Double Davis-Bacon

A Labor Department field investigator takes issue with my post yesterday linking to a contracting specialist who told Kausfiles that enforcing the Davis-Bacon Act is largely a waste of federal time.

D-B, the investigator says, includes several provisions that ought not to be trivial to taxpayers, including, crucially, the ability to hold prime contractors liable for making sure their subcontractors actually pay prevailing wages. Why is this important? I'll let the investigator answer that:

Because this is the real world of government construction today: Many contracts are initially won by large, multi-state management firms who in turn take bids nationwide for the actual on-site trade work. I have seen many, many small (under 50 employees) companies take the sub work. Truthfully, I can’t recall any time in the last 10 years when I have seen a large employer with their employees performing the actual construction.

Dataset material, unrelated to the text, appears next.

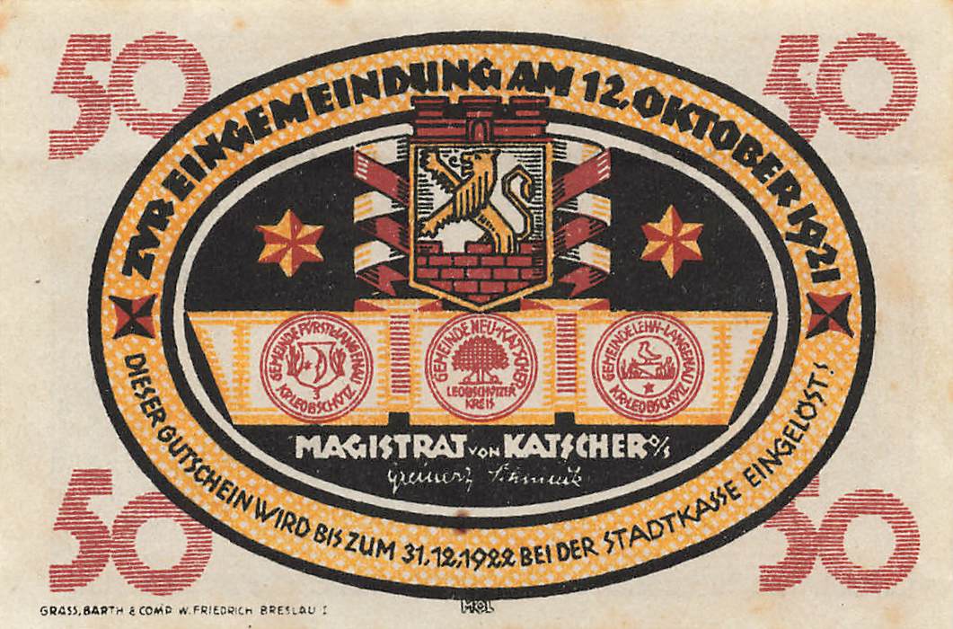 Katscher Oberschlesien Notgeldschein Kietrz 1921

These subs may be “local” in that they reside closer than the prime, but workers often are coming from outside a local commute and are dedicated to the one project only, sleeping in cars or friend’s couches.

In the states where I work, the workforce is primarily non-English speaking immigrants, and what we’ve found countless times is this: Subs calculating pay at piecerate...and promising to pay workers at the end of the job. Subs tell their people that workers get paid when they get money from the prime.

What’s wrong with this picture? First of all, in the best circumstances, this means a delay in pay from months up to years for the workers. In the worst, of course, the worker is never paid....

Did the government pay for those labor costs? You betcha. So where did it go? Here’s where the squabbling comes in between the contractors and the subs. Regardless, I can tell you it didn’t go back to the U.S. Treasury, and without the legal recourses offered in D-B, you can go to sleep at night knowing your local federal building, highway or port was built from slave labor.

Kaus, by the way, is still on the issue today, this time with a post from the "other side," that is, the contractors' side. But, as the Labor investigator shows, there's more than one "side" on the federal end of the equation.